The biggest enemy of software engineering is complexity. Complexity is a combination of the size of the program and the dependencies and relationships between its parts.

It won't take you long to find you are hitting brick walls with your programming where you are changing one thing and breaking ten others. To tackle this issue we attempt to reduce dependencies by hiding as much as we can from one part of a program from the others. This allows them to evolve independently so long as each part keeps the same interface i.e. the public methods.

This problem is magnified many fold when multiple people work on a project so its important to learn these things early.

OK, so now I understand the motive behind encapsulation. Thanks!

The class, however, is not also private so I'm not sure what is causing the accessibility error.

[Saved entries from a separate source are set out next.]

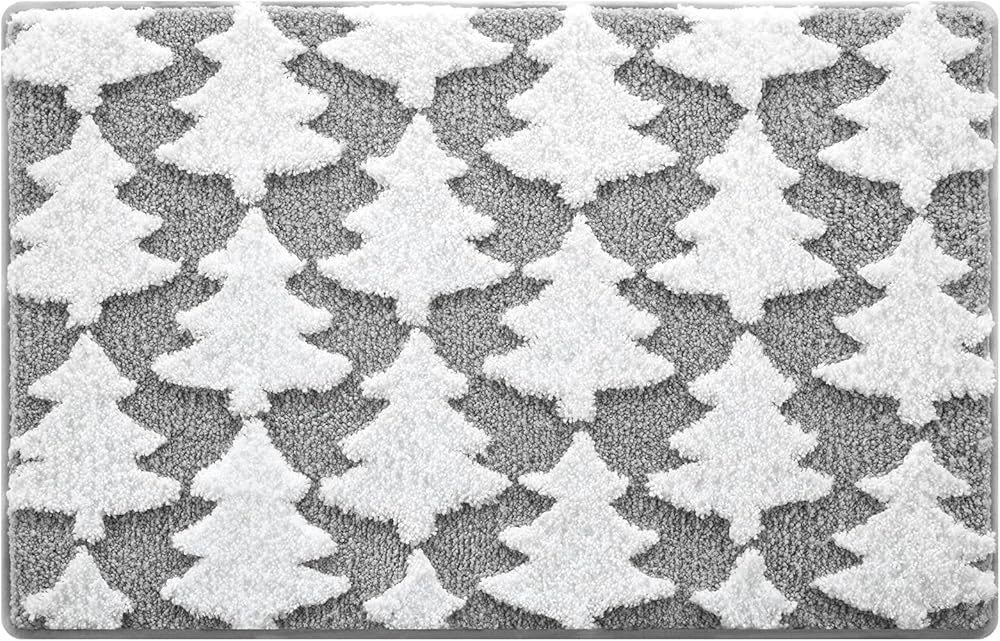 Moutina 3D Christmas Tree Bathroom Rugs 20x32 Inch, Soft and Absorbent Tufted Winter Grey Bath Mat Non Slip Washable, Christmas Bathroom Decor Rug Holiday Decorations
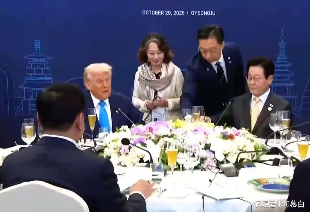 网友对此展开趣味解读:有人调侃‘合影保持距离,圆桌拉近距离,主办方算漏了空间魔法’;有人猜测‘两位领导人可能全程通过翻译交流,避免眼神接触’;亦有观点认为‘圆桌象征平等,完全规避确实困难,主办方已尽力’。值得关注的是,尽管李在明坐主位,但美方代表更显主导态势,不过其仅参与晚宴,后续开幕式及会议将由李在明主导。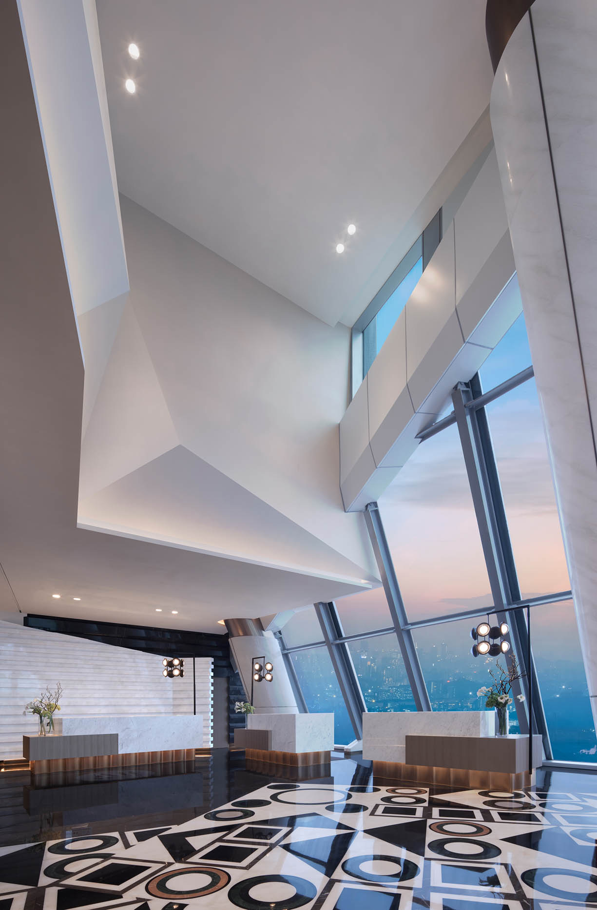乘坐高速電梯,登上位于46層的酒店空中大堂,可以獨享258米高空之上360度的全景視角。步入了這座云端酒店,大堂的頂部均布置了雅白的立體折面天花,全景觀空中大堂在設計上大量運用線性元素,營造出獨具幾何美學的視覺空間。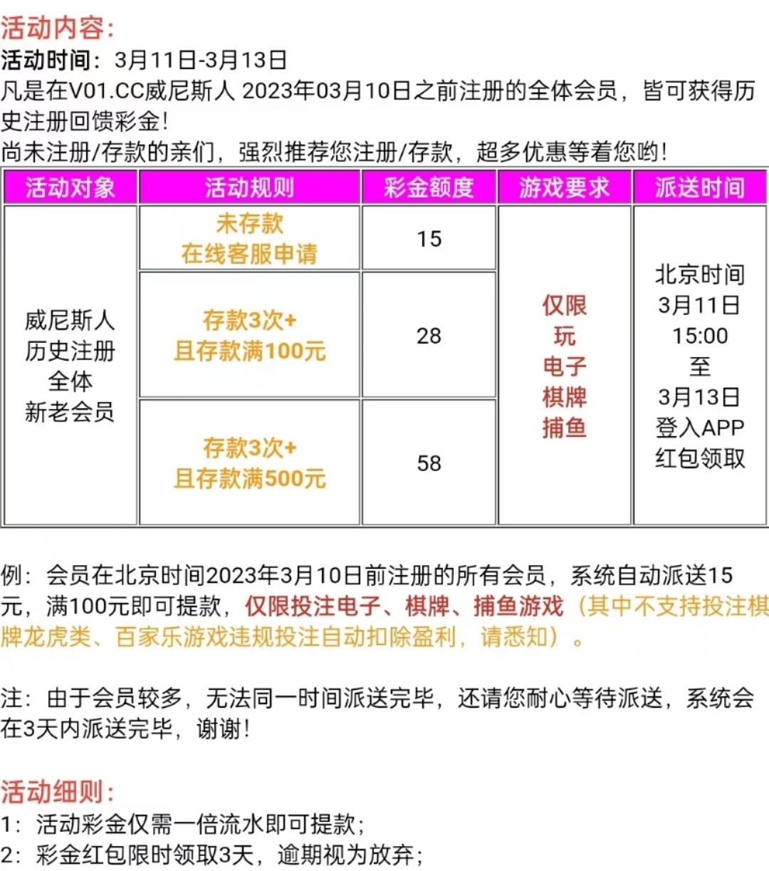 新用户现在注册3月11号自动回馈15。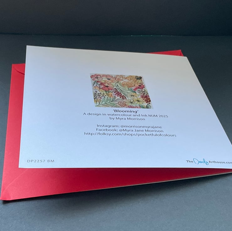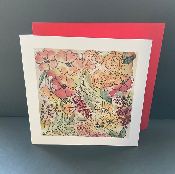 This watercolour and ink greetings card is blank inside for your own message .This is a modern floral design . The card would be suitable for a birthday , friend ,relative , as a thankyou card , or maybe for a keen gardener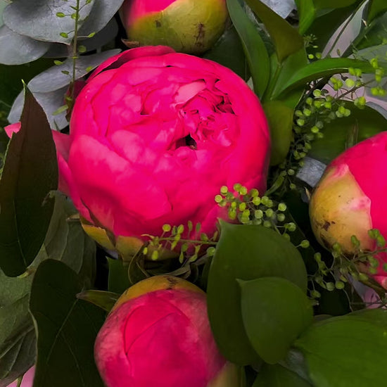 Full of life and color, this bouquet features vibrant coral peonies bursting with joy. Complemented by fresh eucalyptus and delicate greenery, "Peony Pop" is a cheerful and stylish way to brighten anyone's day.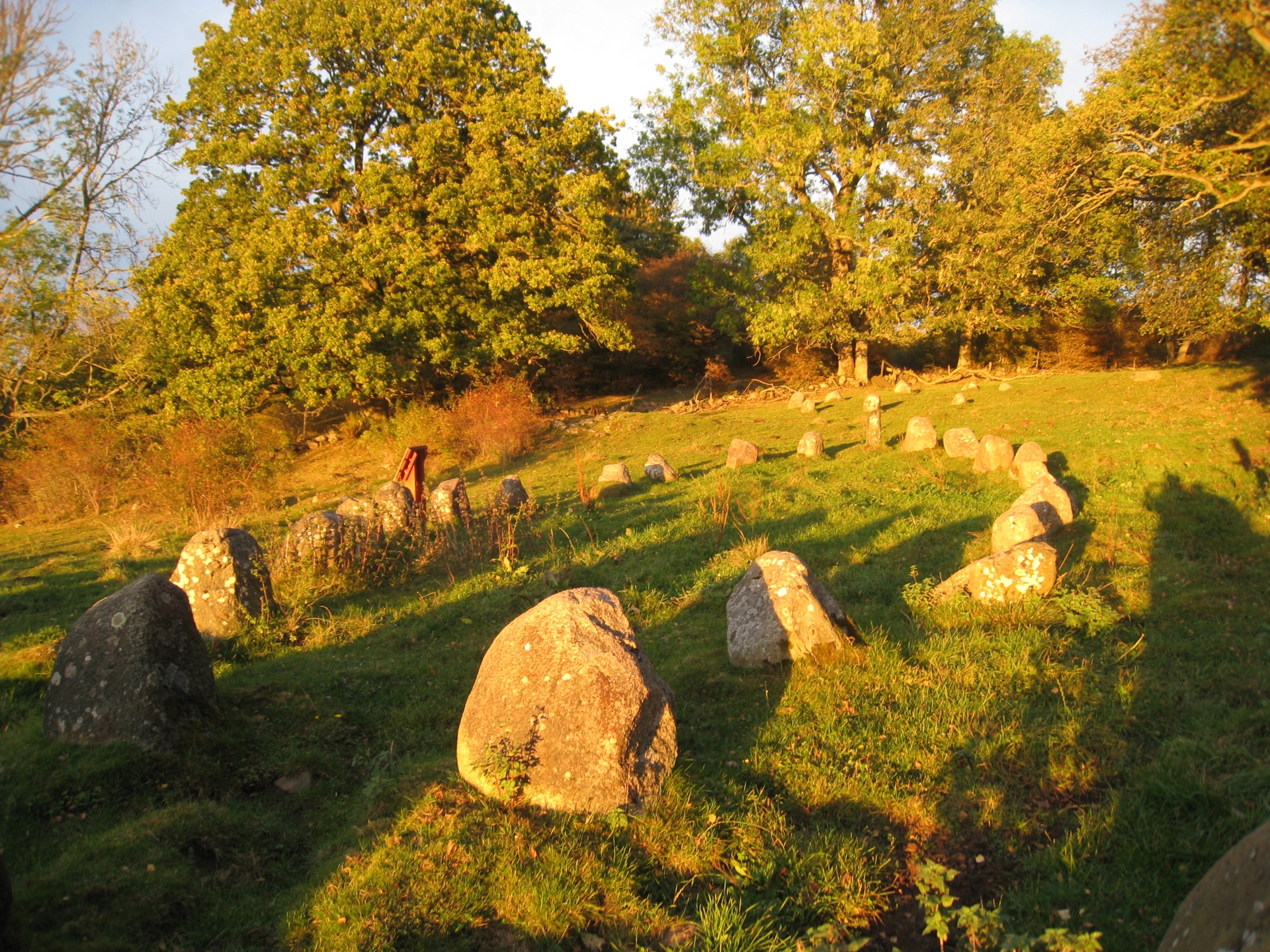 Amundtorps gravfält på Billingens sluttning består av en välbevarad skeppssättning, domarringar och olika typer av stensättningar.
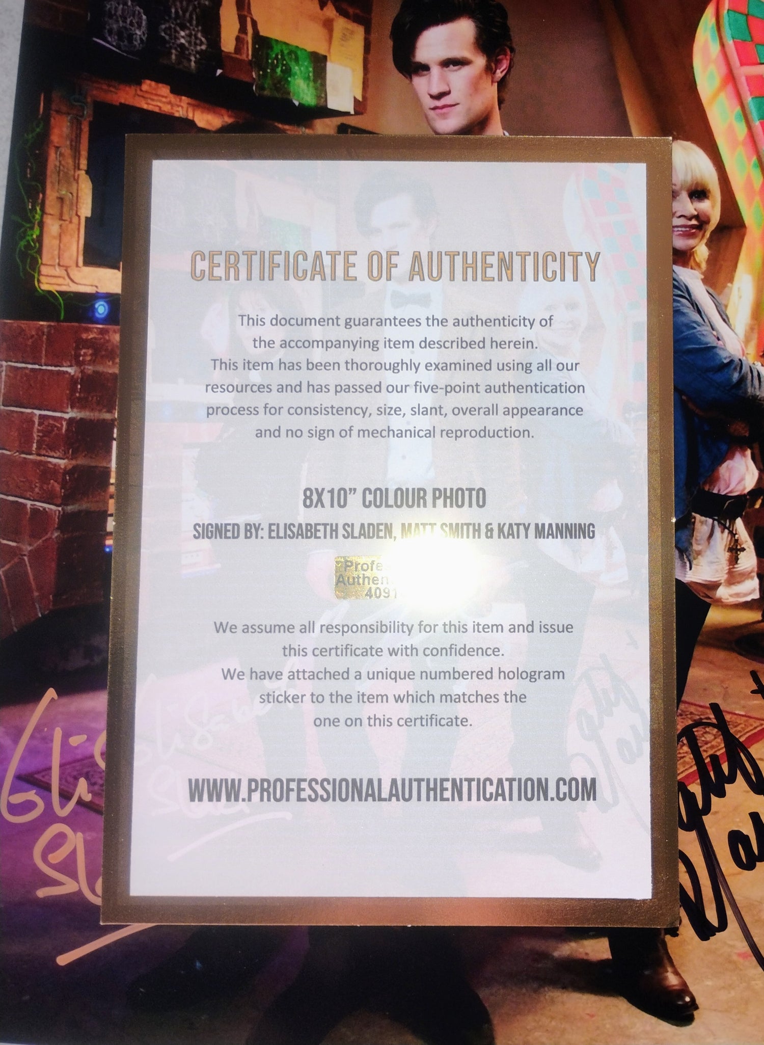 Matt Smith, Elisabeth Sladen & Katy Manning Hand Signed Autograph 8x10 Photo COA Doctor Who

OK, I'll write it out a bit to make things more clear:


public class Engine : Microsoft.Xna.Framework.Game
{
if (myOptions.showFPS == true)
{
// show FPS etc.
}
private OptionsMenuScreen myOptions = new OptionsMenuScreen();
}





public class OptionsMenuScreen : MenuScreen

//OptionsMenuScreen is underlined in error
//The error is:
//Inconsistent accessibility: base class MenuScreen is less accessible than class OptionsMenuScreen.
{
public bool showFPS = false;
}





abstract class MenuScreen : GameScreen
{

// contains various abstract methods that result in errors if changed from abstract

}





public abstract class GameScreen
{
}




Thanks again!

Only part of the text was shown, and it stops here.